# [Problem requirements]
The entire listing, reproduced exactly and stripped of images, is the expected output.

# [Records to use]
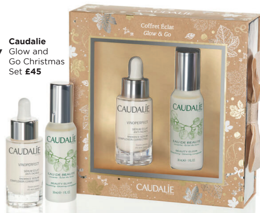
Caudalie Glow and Go Christmas Set £45
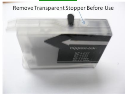
Remove Transparent Stopper
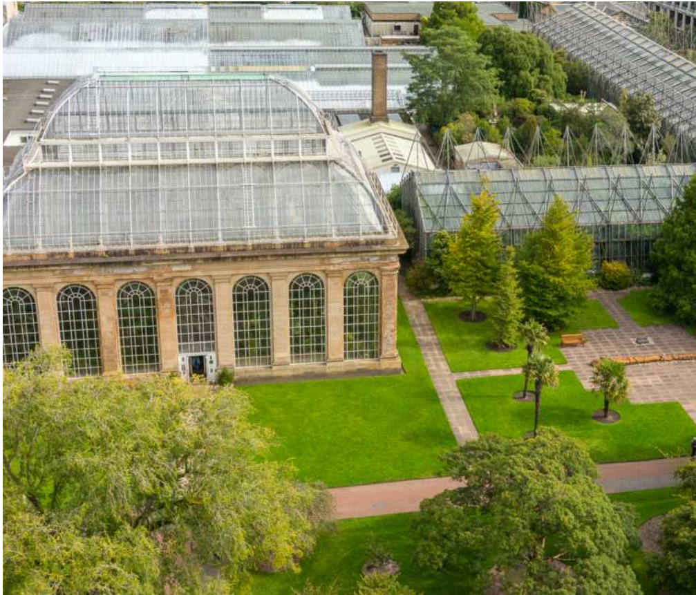
We're exploring lower carbon options and solutions on the Royal Botanic Garden Edinburgh – Biomes Initiative.
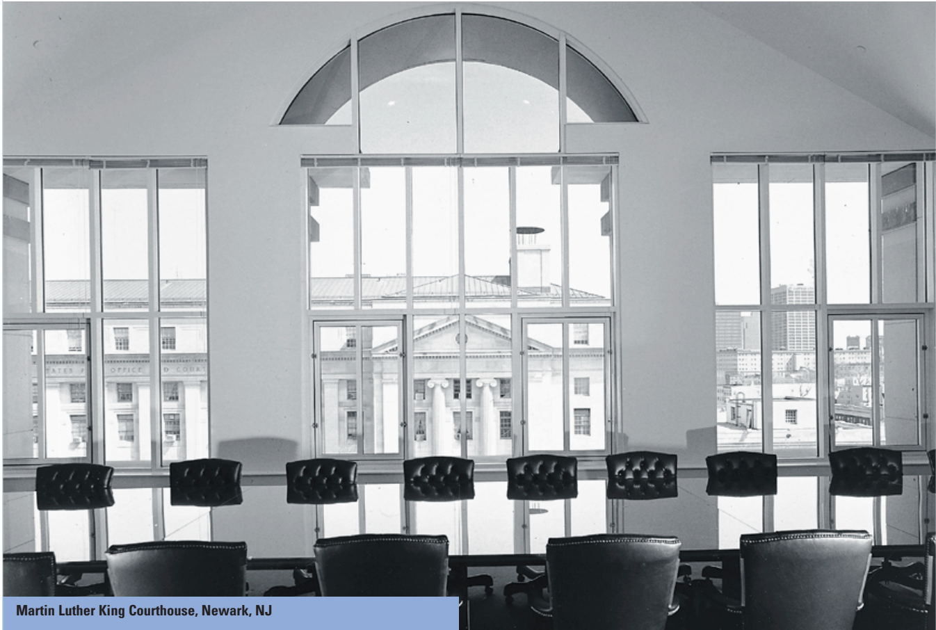
Martin Luther King Courthouse, Newark, NJ

Architectural Woodwork. Work under this section should be certified as meeting the referenced standard under the terms and conditions of the AWI Quality Certification Program.
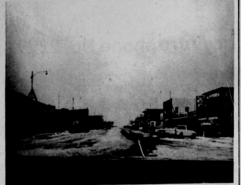
NO PROBLEM -- Snow and cold weather didn't stop traffic on Main Street in Spearman Thursday, Jan. 19, even though the threatening weather, along with the white stuff already on the ground, caused more caution to be taken by drivers.
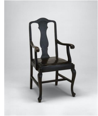
Scott Burton, Bronze Chair , 1972

For Burton, the placement of furniture could also encourage interpretations related to the choreography of everyday life. On the museum's main level a grouping of six chairs is installed to evoke his ideas of community (three steel chairs 1978-1985); intimacy (two curved steel chairs from 1989, installed face-to-face); and exclusion (a minimalist distillation of the wire bistro chair created in the late '80s).
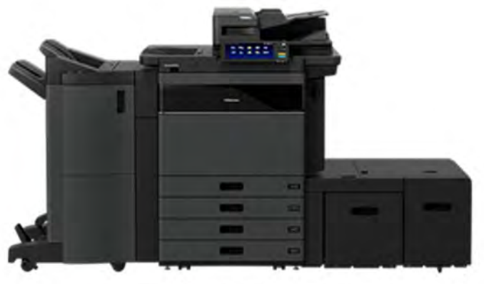
Toshiba TEC (A3/Color) e-STUDIO7527AC
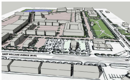
Rendering of the Buena Vista Town Center located at 3235 Holland Ave. in Buena Vista Charter Township.

Use your smartphone QR-Code scanner to learn more about Saginaw Future!
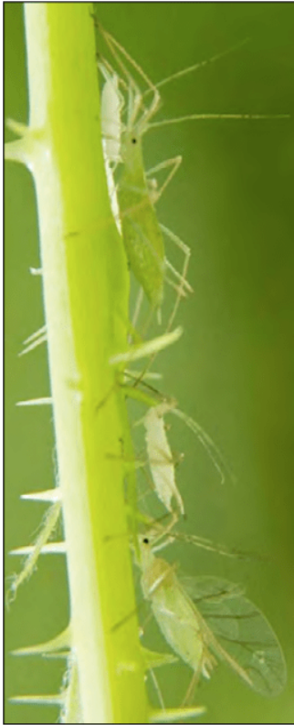
Figure 3. Adult (larger, green; near top) and nymphs (smaller, light green) of the large raspberry aphid.

Photo © Michael Dossett. Used by permission.
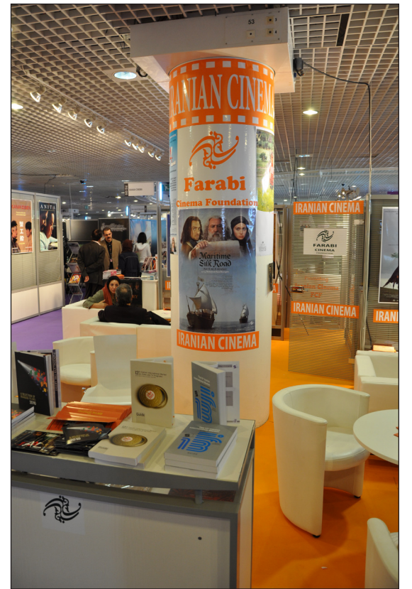
Farabi Cinema Foundation's Stand at the Marche Du Film
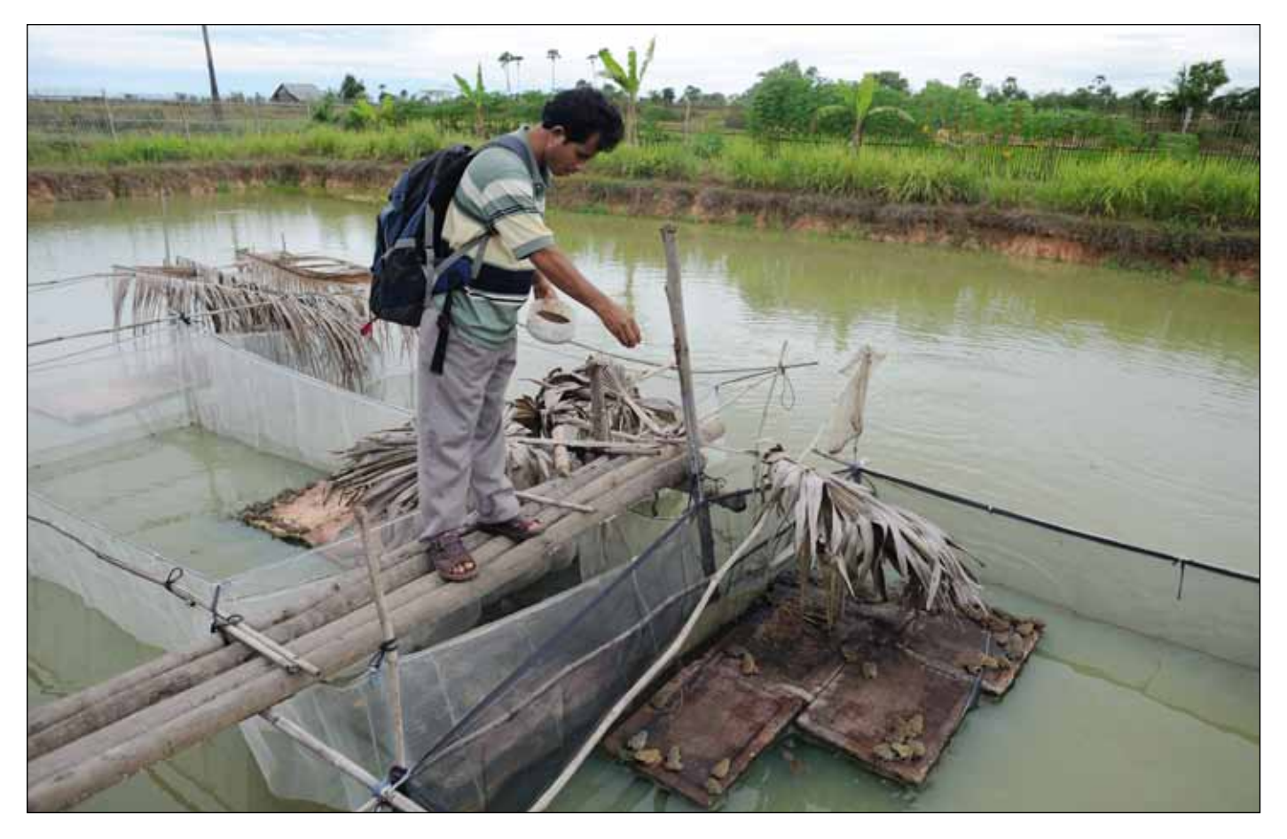
Plates 12 & 13. Frog farm in Takeo province.
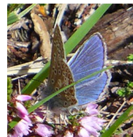
Common Blue - Peter Bates

What a difficult week this was to get a valid result with even a few 'zero' counts now creeping in. A total of 936 butterflies were seen, the lowest weekly count this year since Week 11 (1,690). The density of 7.74 butterflies/km of transect length was the lowest for Week 21 since 2014 (5.88). Gatekeeper numbers have dived to under 100 following a peak of 3,092 in Week 17. Only one Silver-studded Blue was recorded but Small Heath numbers have increased. Although Grayling numbers have also declined the current total for 2020 (704) has passed the 2019 figure of 584 and we hopefully have a couple of weeks of their flight period to come.
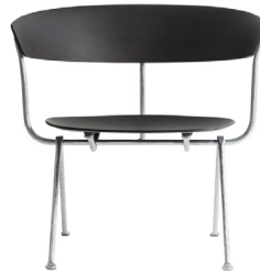
Frame: Galvanized Seat and Back: Black Beech
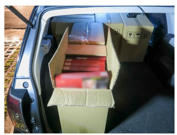
Duty-unpaid cigarettes found in the car.
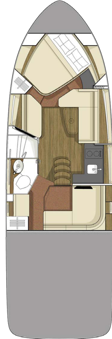
OPTIONAL CABIN LAYOUT

Shown with mid-berth 'L-shaped' seating (converts to sleeper)
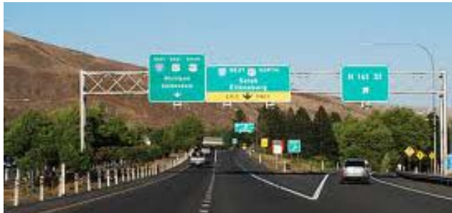
Interstate 82 - the Region's Key Connector

A region's capital improvement plan is analogous to a business plan. It identifies where investments and growth should occur in the months and years ahead. Roadway projects, waterline extensions, and wastewater treatment plant upgrades may not be glamorous, but they nonetheless often direct and facilitate where private investments are made.

# [Task answer]
Caudalie Glow and Go Christmas Set £45
Remove Transparent Stopper
We're exploring lower carbon options and solutions on the Royal Botanic Garden Edinburgh – Biomes Initiative.
Martin Luther King Courthouse, Newark, NJ

Architectural Woodwork. Work under this section should be certified as meeting the referenced standard under the terms and conditions of the AWI Quality Certification Program.
NO PROBLEM -- Snow and cold weather didn't stop traffic on Main Street in Spearman Thursday, Jan. 19, even though the threatening weather, along with the white stuff already on the ground, caused more caution to be taken by drivers.
Scott Burton, Bronze Chair , 1972

For Burton, the placement of furniture could also encourage interpretations related to the choreography of everyday life. On the museum's main level a grouping of six chairs is installed to evoke his ideas of community (three steel chairs 1978-1985); intimacy (two curved steel chairs from 1989, installed face-to-face); and exclusion (a minimalist distillation of the wire bistro chair created in the late '80s).
Toshiba TEC (A3/Color) e-STUDIO7527AC
Rendering of the Buena Vista Town Center located at 3235 Holland Ave. in Buena Vista Charter Township.

Use your smartphone QR-Code scanner to learn more about Saginaw Future!
Figure 3. Adult (larger, green; near top) and nymphs (smaller, light green) of the large raspberry aphid.

Photo © Michael Dossett. Used by permission.
Farabi Cinema Foundation's Stand at the Marche Du Film
Plates 12 & 13. Frog farm in Takeo province.
Common Blue - Peter Bates

What a difficult week this was to get a valid result with even a few 'zero' counts now creeping in. A total of 936 butterflies were seen, the lowest weekly count this year since Week 11 (1,690). The density of 7.74 butterflies/km of transect length was the lowest for Week 21 since 2014 (5.88). Gatekeeper numbers have dived to under 100 following a peak of 3,092 in Week 17. Only one Silver-studded Blue was recorded but Small Heath numbers have increased. Although Grayling numbers have also declined the current total for 2020 (704) has passed the 2019 figure of 584 and we hopefully have a couple of weeks of their flight period to come.
Frame: Galvanized Seat and Back: Black Beech
Duty-unpaid cigarettes found in the car.
OPTIONAL CABIN LAYOUT

Shown with mid-berth 'L-shaped' seating (converts to sleeper)
Interstate 82 - the Region's Key Connector

A region's capital improvement plan is analogous to a business plan. It identifies where investments and growth should occur in the months and years ahead. Roadway projects, waterline extensions, and wastewater treatment plant upgrades may not be glamorous, but they nonetheless often direct and facilitate where private investments are made.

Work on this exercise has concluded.